Your personal opinion is more than welcome as comment. For answers however, I would suggest you back up the statements you made with references from the books. And Welcome to SFF– AegonSep 5, 2016 at 8:01
Yeah, some canon support would be good.– AdamantSep 5, 2016 at 8:20
And some grammar. Good Lord!– Miller86Sep 5, 2016 at 12:34
Hi @Nameless, you seem to have accidentally created two accounts. You might like to follow the instructions here to merge your accounts - this will make it much easier for you to edit your own posts without needing approval from others.– Rand al'Thor ♦Sep 5, 2016 at 16:16
He is a great wizard, but it is mostly luck.
- Volume 1: Harry gets lucky that his mom's enchantment is still intact, and Voldemort can't touch him.
- Volume 2: Harry gets lucky that Fawkes shows up and saves him from the venom.
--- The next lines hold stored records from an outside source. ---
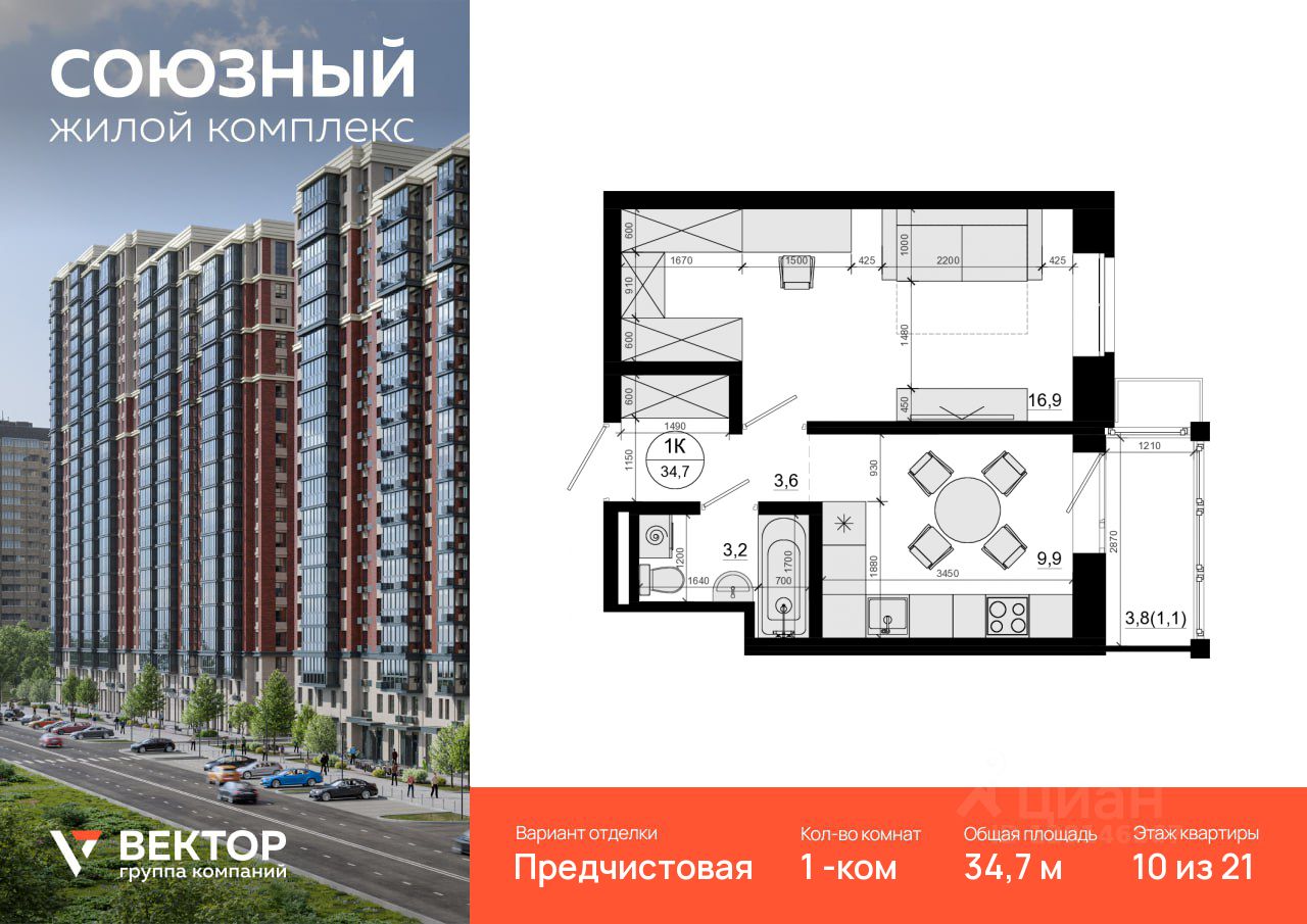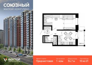 Продается 1-комн. квартира площадью 34,7 кв.м на 10 этаже 21 этажного дома в ЖК "Союзный" от федерального девелопера ГК "Вектор".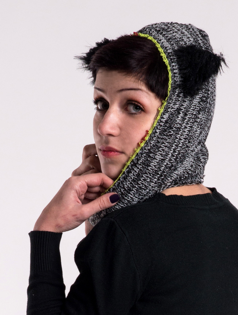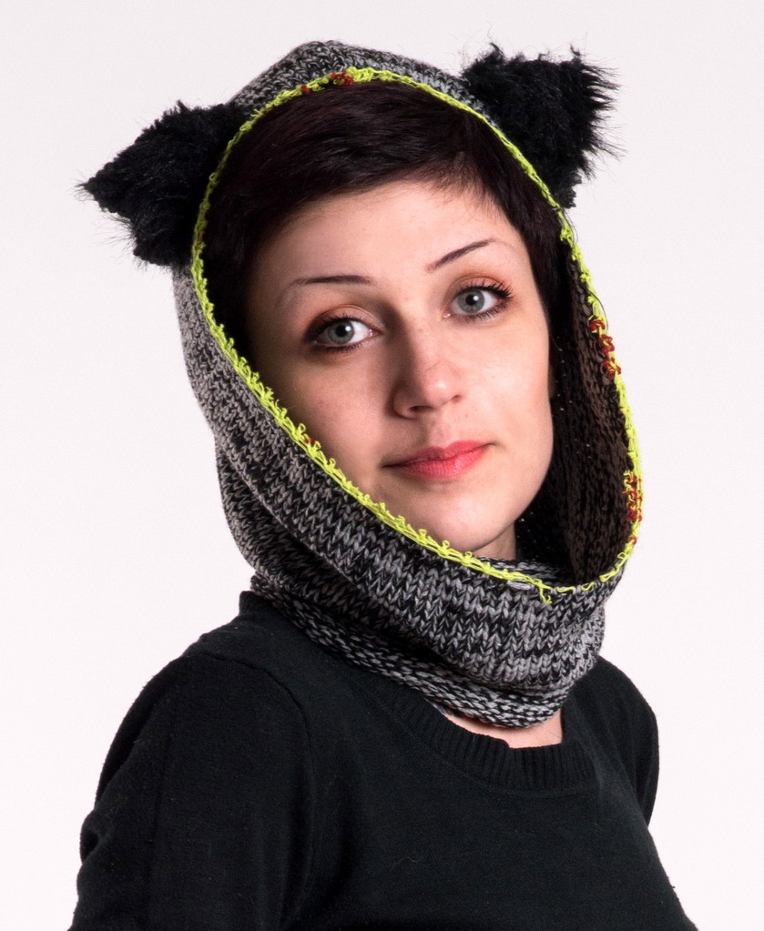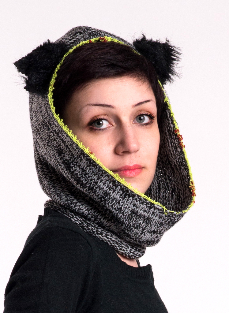 Knit hat with fluffy cat ears. A playful addition to  King Bird Sweater.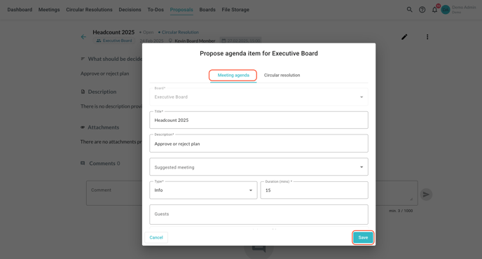 To convert a circular resolution proposal into an agenda item proposal, switch to the 'Meeting agenda' tab at the top of the form, carry out the necessary changes and save. All the details are carried over automatically: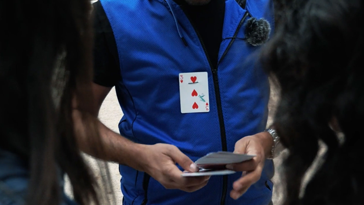 This is only one possible presentation of Pinned Card Reborn, you will be able to use it in many situations: close-up, cocktail, parlor, street magic, kids show etc....Everything will depend on where you want to put the safety pin, on your t-shirt, jacket, tie, towel, plush. A world of possibility is opening up for you.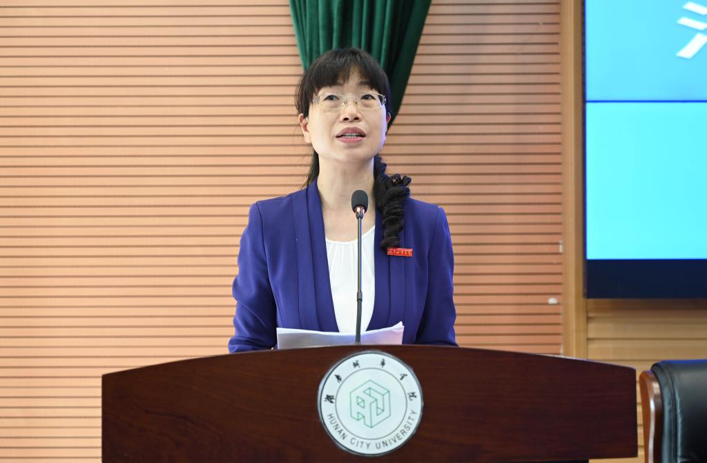 会议在雄壮的国歌声中拉开帷幕。高新明代表省教育工会向大会的召开表示热烈的祝贺,向出席本次大会的全体代表及辛勤工作在教学、科研、管理、服务一线的广大教职工致以诚挚的问候和崇高的敬意!他指出,学校紧扣立德树人根本任务,创新人才培养模式、加强专业内涵建设,坚持产学研用结合,学校综合实力明显提升,社会影响力显著增强,高水平通过教育部本科教学工作审核评估,跻身湖南省“高水平应用特色学院”行列,实现了一本招生和获批新增硕士学位授予单位。他对新一届工会委员会提出三点希望:一是提高政治站位,强化思想政治引领;二是助力教师队伍建设,助推学校改革发展;三是加强服务能力建设,竭诚服务教职工。

- Volume 3: Harry doesn't get lucky, and lets the only antagonist of the movie, Peter Pettigrew, escape.
- Volume 4: Harry gets lucky that the ghosts (I know they're not technically ghosts) show up to distract Voldemort so he can escape.
- Volume 5: Harry gets lucky that Dumbledore shows up to fight Voldemort so he won't have to.
- Volume 6: Harry gets lucky that Dumbledore revived in time to save Harry from the inferi.
- Volume 7: Harry gets lucky that all the events led to him being the owner of the elder wand, so the wand backfires Voldemort’s curse back to himself that definitely would've killed Harry.
Now you have shown one event from each book where he may have been lucky (and some of them rather debatable; not even to speak of Wormtail being “the only antagonist”). If someone lists one event each where he shows skill, do they cancel out?– chirluDec 12, 2016 at 10:47
Harry found at least once that he used magic he didn't know or intend to use when his life was threatened, when he was flying with Hagrid away from the Dursley's - there may have been other times as well. It seems the horcrux was protecting itself. I don't think everything he did or was capable of, including destroying Voldemort, can be chalked up to luck and skill - the horcrux Voldemort unintentionally placed within Harry played a significant role.